The computed sensitivity index for each of the input parameters is presented in Table 11 and is graphically illustrated in Fig. 23. With reference to Table 11 and Fig. 23, it can be noticed that the most influential parameter on the PPV was the powder factor and thus had the highest sensitivity index of 0.9452. This was closely followed by the maximum instantaneous charge, hole depth, number of blast holes, and the distance from the monitoring point and the blast face in decreasing order of influence. It is well established in the literature that distance from the monitoring point to the blast face is a very sensitive parameter to PPV estimation. However, in this study, it can be observed that it was the least sensitive to PPV estimation among various input parameters considered. This is due to the wide range of distance values (573 to 1500 m) recorded for the study.

Table 11 Sensitivity index for various input parameters
Fig. 23
figure 23

Strength of relationship between input parameters and PPV

6 Conclusions

In this study, the self-adaptive differential evolutionary extreme learning machine (SaDE-ELM) has been proposed as a novel approach for the prediction of blast-induced ground vibration. To comprehensively assess the performance of the SaDE-ELM, the basic ELM, KELM, three benchmark computational intelligent approaches (BPNN, RBFNN and GRNN) and five empirical approaches (Langefors–Kihlstrom, CMRI, Ambrasey–Hendron, Indian Standard and USBM) were applied.
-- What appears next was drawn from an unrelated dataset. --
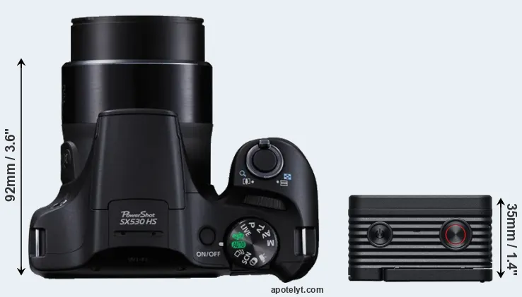 The side-by-side display below illustrates the physical size and weight of the Canon SX530 and the Sony RX0 II. The two cameras are presented according to their relative size. Three consecutive perspectives from the front, the top, and the back are available. All width, height and depth measures are rounded to the nearest millimeter.

The obtained comparison results based on various performance indicators showed that the proposed SaDE-ELM approach was superior and more accurate in predicting blast-induced ground vibration than the other competing models. This was evident in the SaDE-ELM achieving the lowest MSE value 0.01942 and the highest NSEI and R values of 0.7537 and 0.8711, respectively. The other artificial intelligent approaches of ELM, KELM, BPNN, RBFNN and GRNN had MSE, R and NSEI in the ranges of (0.02166–0.03006), (0.8012–0.8537) and (0.6188–0.7254), respectively. The empirical approaches performed poorly relative to the artificial intelligence approaches by having had MSE, R and NSEI in the ranges of (0.03419–0.06587), (0.7466–0.7833) and (0.1649–0.5665), respectively. Furthermore, the computed BIC values for various methods showed that the SaDE-ELM approach had the lowest value of − 293.40 and thus was selected for the prediction of blast-induced ground vibration in this study. With the method demonstrating good prediction accuracy, it was concluded that the proposed SaDE-ELM model has high potential to be used by the mining and civil engineering industry for accurate and effective on-site prediction of blast-induced ground vibration. The empirical models performed poorly relative to the computational intelligent approaches. Sensitivity analysis conducted on the input parameters showed that powder factor and maximum instantaneous charge were the most influential parameters on the levels of blast-induced ground vibration. For future studies, the BPNN, GRNN and RBFNN can be optimised by the SaDE algorithm to ascertain the superiority of the resulting hybrid model.